- _EXERCISE BRIEF_
Would you please retype, exactly, the lines of the listing below between the line with "お天気が良かったので、年少児のお部屋の庭でみんなで食べました。" and the line with "Расписание звонков МАОУ", inclusive?

- _RAW DATA_
═══
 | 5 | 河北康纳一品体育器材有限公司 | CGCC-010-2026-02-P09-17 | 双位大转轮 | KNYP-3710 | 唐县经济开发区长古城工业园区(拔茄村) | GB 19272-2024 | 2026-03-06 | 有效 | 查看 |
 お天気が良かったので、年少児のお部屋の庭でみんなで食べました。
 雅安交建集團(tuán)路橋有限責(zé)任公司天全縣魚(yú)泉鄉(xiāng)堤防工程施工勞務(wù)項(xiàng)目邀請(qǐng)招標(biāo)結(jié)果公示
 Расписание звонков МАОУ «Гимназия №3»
═══
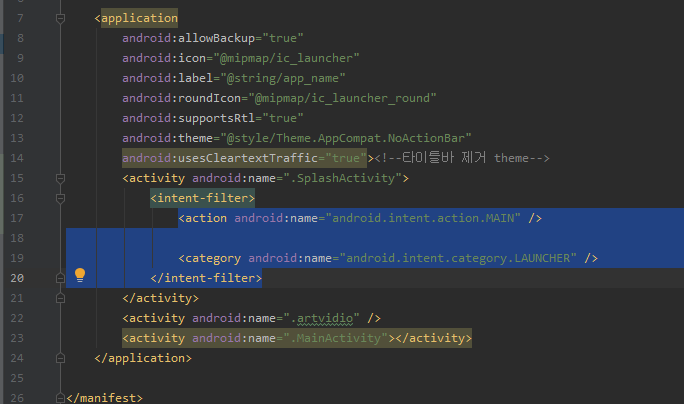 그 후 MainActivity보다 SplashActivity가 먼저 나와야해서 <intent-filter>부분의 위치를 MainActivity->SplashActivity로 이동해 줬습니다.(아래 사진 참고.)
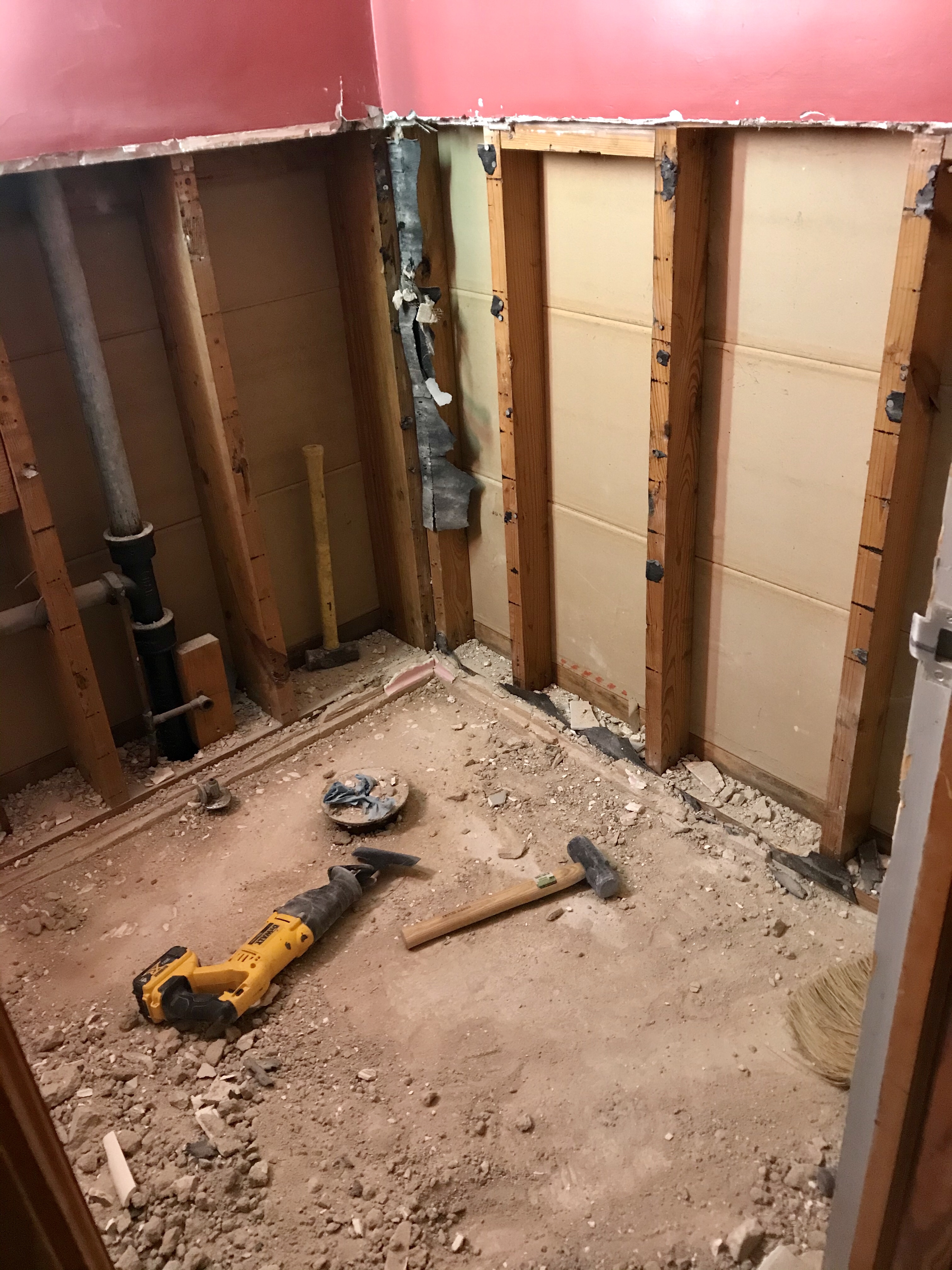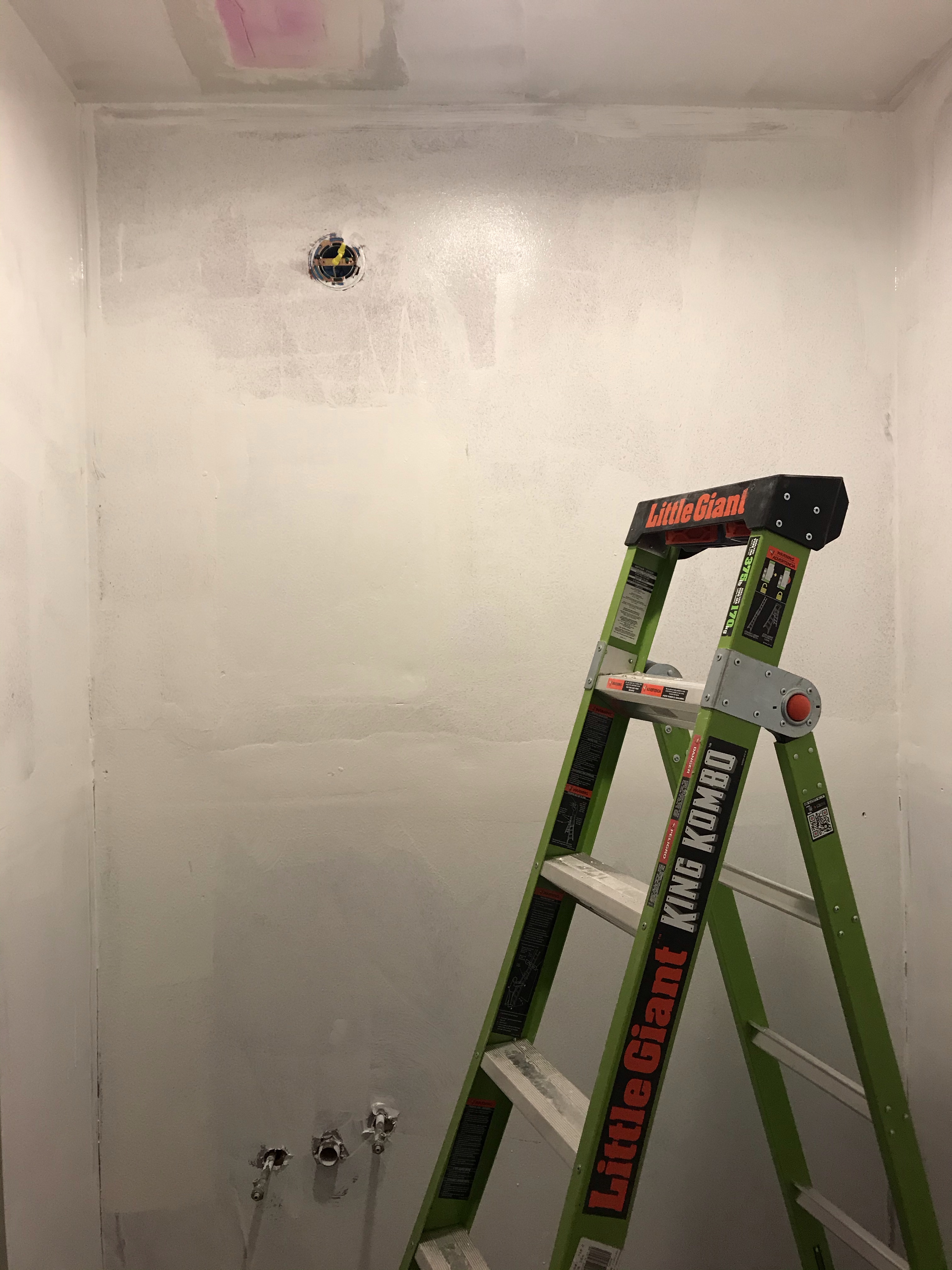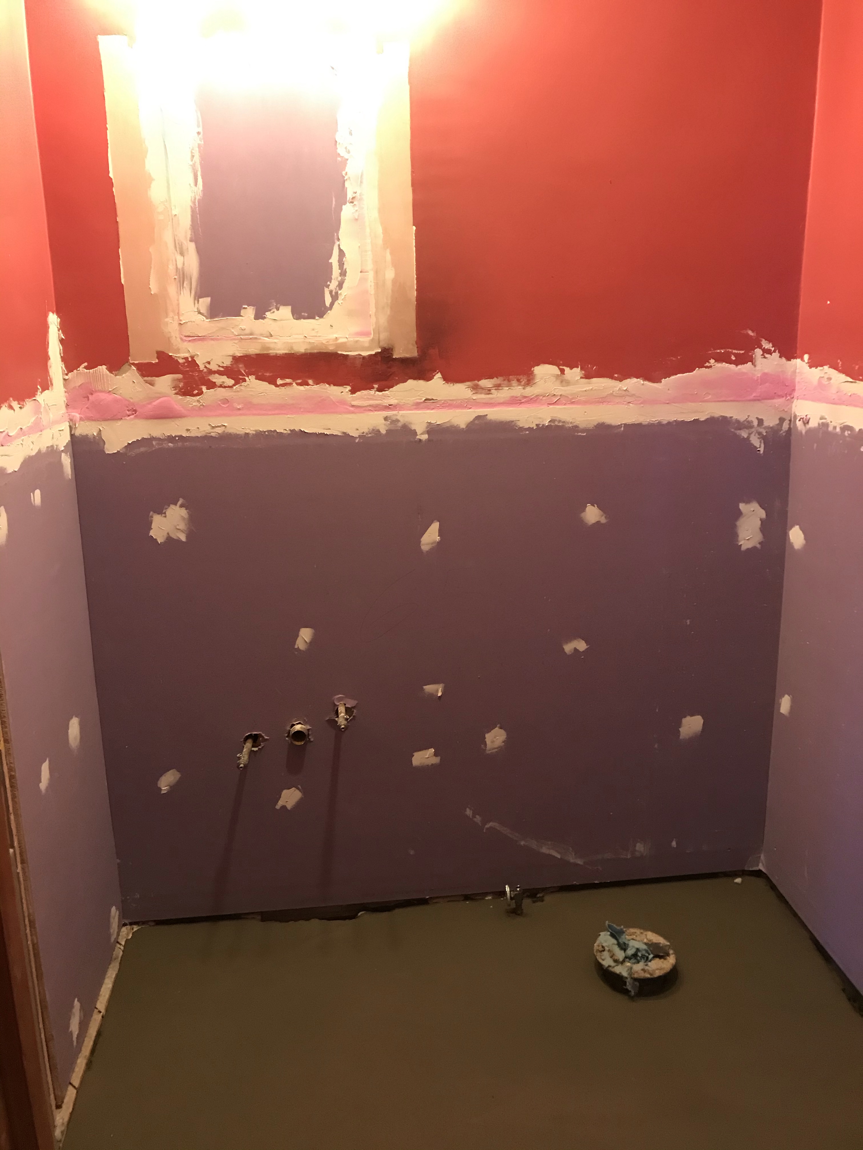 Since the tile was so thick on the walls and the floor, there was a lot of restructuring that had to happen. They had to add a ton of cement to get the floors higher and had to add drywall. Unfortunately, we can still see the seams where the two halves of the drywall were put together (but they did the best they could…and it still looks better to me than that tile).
═══
- _RESPONSE AREA_
 お天気が良かったので、年少児のお部屋の庭でみんなで食べました。
 雅安交建集團(tuán)路橋有限責(zé)任公司天全縣魚(yú)泉鄉(xiāng)堤防工程施工勞務(wù)項(xiàng)目邀請(qǐng)招標(biāo)結(jié)果公示
 Расписание звонков МАОУ «Гимназия №3»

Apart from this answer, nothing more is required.